Written By: - Date published: 1:25 pm, November 19th, 2018 - 26 comments
Categories: activism, democratic participation, disaster, Environment, Ethics, global warming, International, political alternatives, quality of life, sustainability, the praiseworthy and the pitiful - Tags: , ,

There seems to be an odd thing about adopting new ways of thinking or doing things. It seems that there is usually a small group of people who practice or advocate for a particular thing, while the majority of people carry on thinking and acting as before as though awaiting permission to adopt whatever the new thing is. I’m no psychology student, and so while I’m sure there will be studies and a name given to the phenomena, I’m just going to settle for suggesting there’s a herd mentality that makes people averse to sticking out. Of course, as something gains traction, it’s the old thoughts and habits that might come to seem increasingly peculiar or marginal. And then they become abandoned, bar for a wee few people who cling on to the old thoughts and the old ways and who might be seen as a mirror opposite of those who initially push for change or adoption of the new.

For those who need permission – who require that “the new” first be endorsed by authoritative or mainstream voices they’d  usually associate with “normal” and “acceptable”, then today’s letter signed off by 150 of society’s “great and good”, might have something to offer.

As reported on Scoop:

One hundred and fifty academics and researchers from around Aotearoa, including Dame Anne Salmond, Emeriti Professors and several Fellows of the Royal Society, have signed a strongly-worded open letter to the Government demanding bold and urgent action to tackle climate change.

This isn’t the first such letter to government claiming to represent a concern held by society in general. But given the timing of it and the standing enjoyed by many of the signatories, it just might have more impact than previous ones. According to the report at Scoop, most of us are on board already.

A survey from earlier this year showed that 79 percent of people believed climate action needs to start immediately. A large majority also said we need to meet or exceed our international commitments, and that we should act even if other countries don’t.

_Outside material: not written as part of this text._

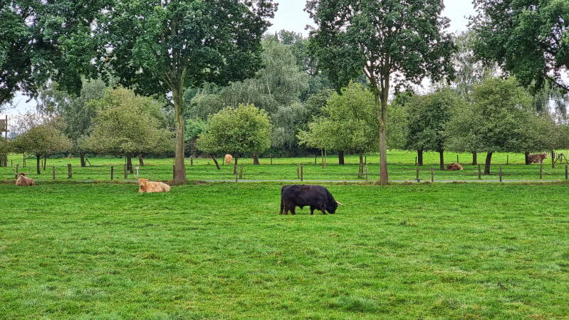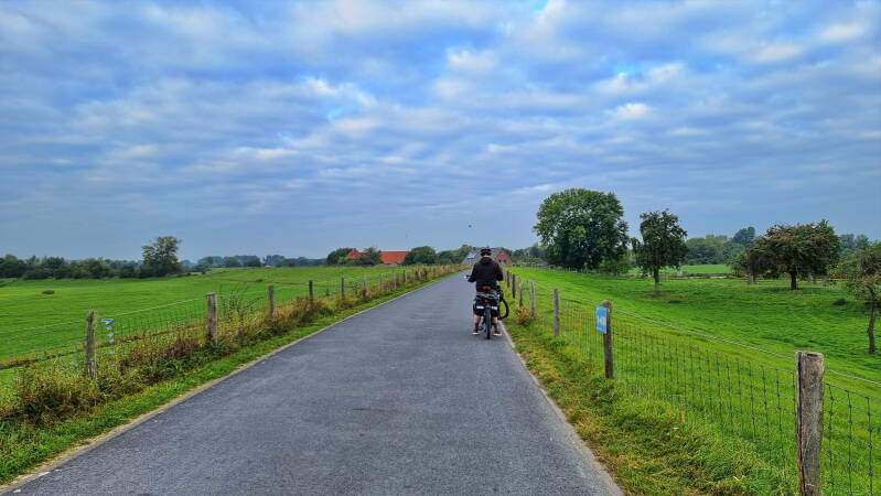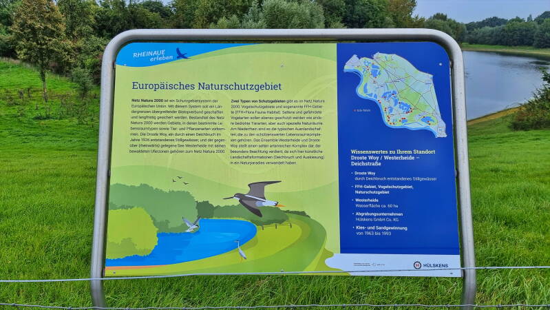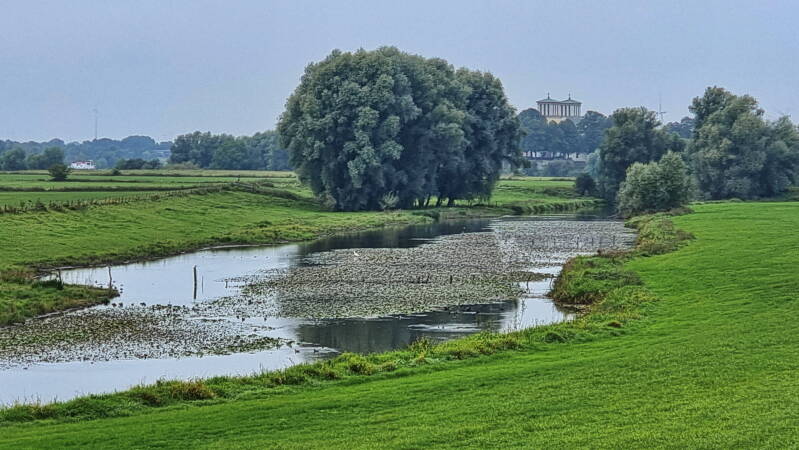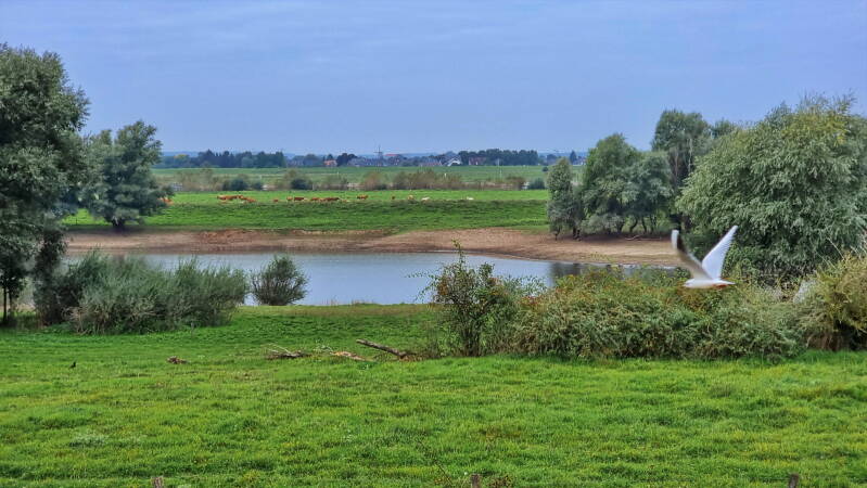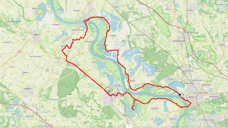 Vom Weseler Auesee, genau dort wo auch der "Hohe Mark Steig" beginnt, führt die Tour überwiegend der Deichkrone folgend nordwärts. An Bislich vorbei und an Auen und Altrheinarmen entlang geht es so bis Rees. Dort ließen wir uns dann mit dem "Rääße Pöntje", einer kleinen Fähre für Fußgänger und Radfahrer, an das andere Rheinufer bringen.

The letter itself (download from the Scoop link) calls capitalism and consumerism into question and draws the link between those things and global warming

Infinite economic growth on a planet with finite resources is not viable. And yet successive governments have promoted free-market principles which demand rampant consumerism and endless economic growth, thus allowing greenhouse gas emissions to rise. If we continue on our current path, the future for our species is disastrous.

It concludes –

New Zealand could lead the world by immediately developing a data-informed plan for rapid decarbonisation of the economy. We demand that the government meets its duty to protect its citizens from harm and to secure the future for generations to come.

Finally then, it might be that eminent people who have benefited hugely from our current socio/political/economic norms are calling those norms into question and advocating they be abandoned. They are calling out the stupidity of government for promoting an economic paradigm that isn’t viable. They are pointing to the consequences of continuing to do that. And they are demanding the government stops doing it and honours its duty to protect us and ours, both now and in the future.

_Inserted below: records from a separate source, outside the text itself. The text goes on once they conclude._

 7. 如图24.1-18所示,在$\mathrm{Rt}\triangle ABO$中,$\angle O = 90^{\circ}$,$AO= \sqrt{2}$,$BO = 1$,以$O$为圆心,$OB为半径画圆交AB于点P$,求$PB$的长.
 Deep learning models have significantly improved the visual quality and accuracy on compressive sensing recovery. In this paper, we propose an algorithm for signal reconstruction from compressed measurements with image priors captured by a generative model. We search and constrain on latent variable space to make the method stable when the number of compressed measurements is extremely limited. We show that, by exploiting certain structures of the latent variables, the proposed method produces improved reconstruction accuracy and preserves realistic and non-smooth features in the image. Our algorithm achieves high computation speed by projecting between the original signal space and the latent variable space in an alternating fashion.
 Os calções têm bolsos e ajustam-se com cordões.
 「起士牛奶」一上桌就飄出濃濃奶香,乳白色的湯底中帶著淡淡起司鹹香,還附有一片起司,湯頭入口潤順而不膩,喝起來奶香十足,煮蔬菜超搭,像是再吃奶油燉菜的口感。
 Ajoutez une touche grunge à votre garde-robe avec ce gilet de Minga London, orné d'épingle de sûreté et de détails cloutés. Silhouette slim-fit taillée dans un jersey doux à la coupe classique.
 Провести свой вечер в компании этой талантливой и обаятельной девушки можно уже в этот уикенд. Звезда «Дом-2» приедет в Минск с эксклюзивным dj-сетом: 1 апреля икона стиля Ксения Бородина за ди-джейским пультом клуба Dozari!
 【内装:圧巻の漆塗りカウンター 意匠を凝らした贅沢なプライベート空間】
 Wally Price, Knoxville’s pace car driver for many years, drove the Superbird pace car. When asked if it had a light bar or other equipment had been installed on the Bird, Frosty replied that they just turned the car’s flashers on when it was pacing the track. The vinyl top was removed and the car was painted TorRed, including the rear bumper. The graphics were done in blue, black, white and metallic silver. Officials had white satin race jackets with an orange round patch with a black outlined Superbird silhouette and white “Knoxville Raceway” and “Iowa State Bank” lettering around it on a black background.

It’s a message basically in line with what growing numbers of people have been saying in recent years. It’s a message not so different to the thrust of Extinction Rebellion – an idea that’s seemingly gathering a growing and representative cross section of society under its wing. It’s far more powerful than some of the noble but misguided appeals that have come from some NGOs in recent years.  Hell, these days there are even some elected representatives who look to be on board and who are engaging in useful if largely symbolic forms of direct action in their places of government.

On the basis that we’re all penguins then – the wave is ripe for jumping. Are you in? If not, then that’s okay, because someone has to help make up the numbers of  that minority who will hang back and waddle around otherwise abandoned ice.

 

26 comments on “We’re All Penguins Now. ”

  1. Dennis Frank 1

    I appreciate that the academics are taking a stand on the issue. I bet they think it’s a strong stand too – but is it really? Government is merely an administrative and legislative organisation. It only serves to implement policies adopted by the political parties that form governments.

    I suspect only the Greens have formulated a policy on climate change. Terror of alienating business has probably prevented the others heading down that road. So why haven’t the academics done their homework?? If lack of policy consensus is the problem, why not say so? They can’t complain that they’re too stupid to figure this out! Well okay, perhaps their failure suggests that they actually are.

    I encourage them to spit the dummy, do the research to establish which parties are causing the problem, and issue a public statement shaming those who are delinquent. That would at least serve to highlight the problem in the media, right?

    But the government has spent a year informing us that it is developing a consensus-based policy on climate change, hasn’t it? Are they just tired of waiting for the legislation to emerge like an egg from the bottom of the public service hen? I wasn’t able to access their statement via the Scoop link – it didn’t work – so I can only guess why they have no confidence in government policy formulation. Maybe academics view public servants with contempt??

    • Bill 1.1

      Government is merely an administrative and legislative organisation.

      True.

      Maybe academics view public servants with contempt?

      Also possibly, even evidently, true.

      And when academia – that home for stalwarts of conformity – states contempt, not just for government, but the miliue government operates within and urges “jump”?

      • Dennis Frank 1.1.1

        It suggests they are sending the tacit signal that government is being too slow. At least it indicates they want to be part of the solution, which is commendable. I hope they take their initiative further, in a more organised way. A multi-disciplinary framing of climate change would help, particularly if governance is included in the mix. Get out of those academics silos, do it differently, be innovative, use lateral thinking…

  2. WeTheBleeple 2

    More ‘strongly worded statements’, golly.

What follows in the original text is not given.